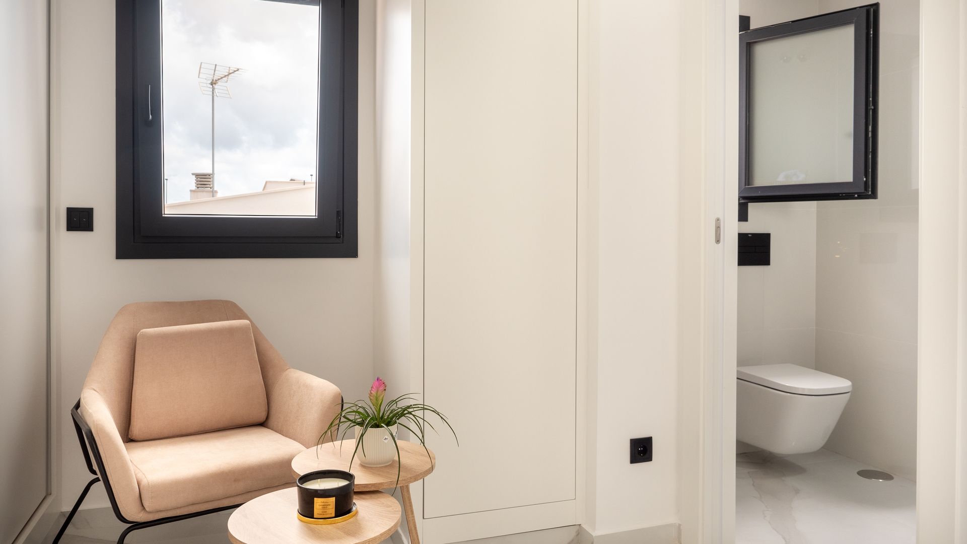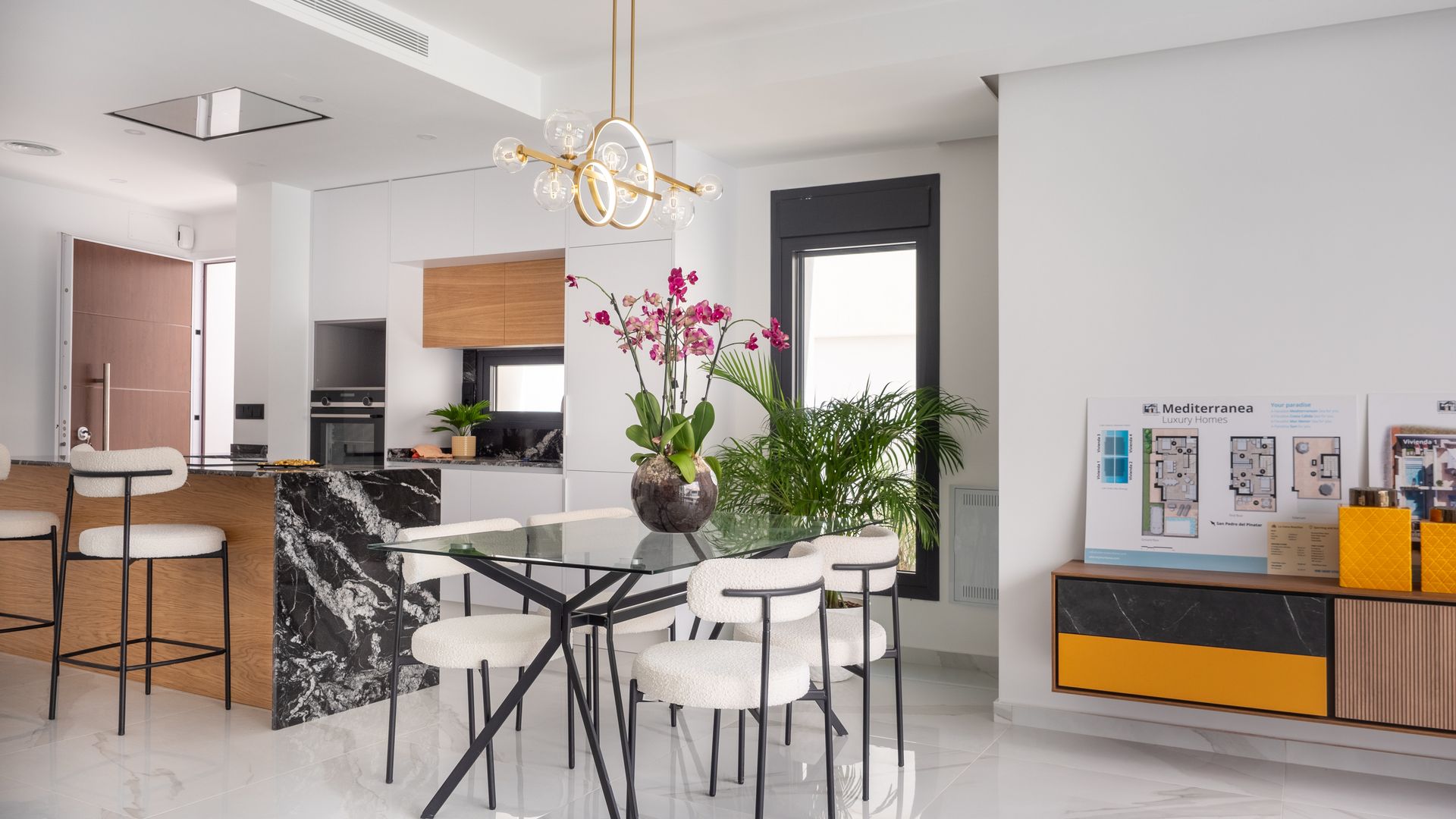 El interior de estas viviendas independientes está equipado con todas las comodidades modernas. Cuentan con tres dormitorios y tres baños, ofreciendo un espacio amplio y funcional para toda la familia. Los suelos de cerámica aportan un toque elegante y son fáciles de mantener. Las viviendas están completamente amuebladas y equipadas con electrodomésticos, lo que facilita la mudanza. Además, incluyen características como calefacción por suelo radiante, preinstalación de aire acondicionado, persianas eléctricas y un videoportero para mayor seguridad. Los armarios empotrados proporcionan un almacenamiento eficiente y ordenado.
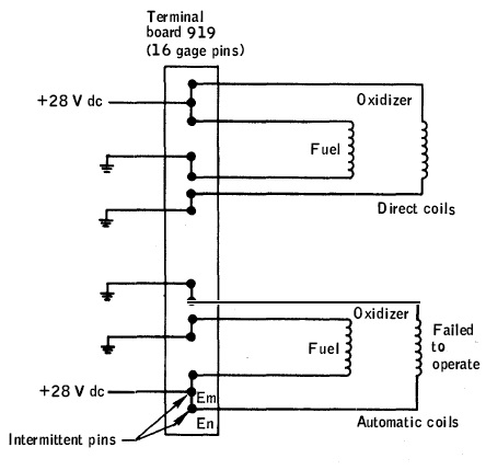 ![]() An engine of the RCS produced low and erratic thrust because of a continuity problem in one of the coils of the engine valve. |
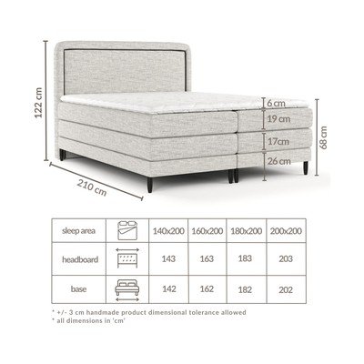 Tato boxspring postel vzhledem ke dvěma typům matrací umístěných ve čtyřech samostatných částech poskytne nezaměnitelné pohodlí. Zatímco spodní matrace o výšce 17 cm sestává z bonellových pružin a polyuretanové pěny, horní matrace o výšce 19 cm je vyrobena z taštičkových pružin umístěných v individuálních kapsách.

━━━━

**Task**.
Copy out all the data exactly. The images should not appear in the copy.

**Exercise output**.
 El interior de estas viviendas independientes está equipado con todas las comodidades modernas. Cuentan con tres dormitorios y tres baños, ofreciendo un espacio amplio y funcional para toda la familia. Los suelos de cerámica aportan un toque elegante y son fáciles de mantener. Las viviendas están completamente amuebladas y equipadas con electrodomésticos, lo que facilita la mudanza. Además, incluyen características como calefacción por suelo radiante, preinstalación de aire acondicionado, persianas eléctricas y un videoportero para mayor seguridad. Los armarios empotrados proporcionan un almacenamiento eficiente y ordenado.
 ![]() An engine of the RCS produced low and erratic thrust because of a continuity problem in one of the coils of the engine valve. |
 Tato boxspring postel vzhledem ke dvěma typům matrací umístěných ve čtyřech samostatných částech poskytne nezaměnitelné pohodlí. Zatímco spodní matrace o výšce 17 cm sestává z bonellových pružin a polyuretanové pěny, horní matrace o výšce 19 cm je vyrobena z taštičkových pružin umístěných v individuálních kapsách.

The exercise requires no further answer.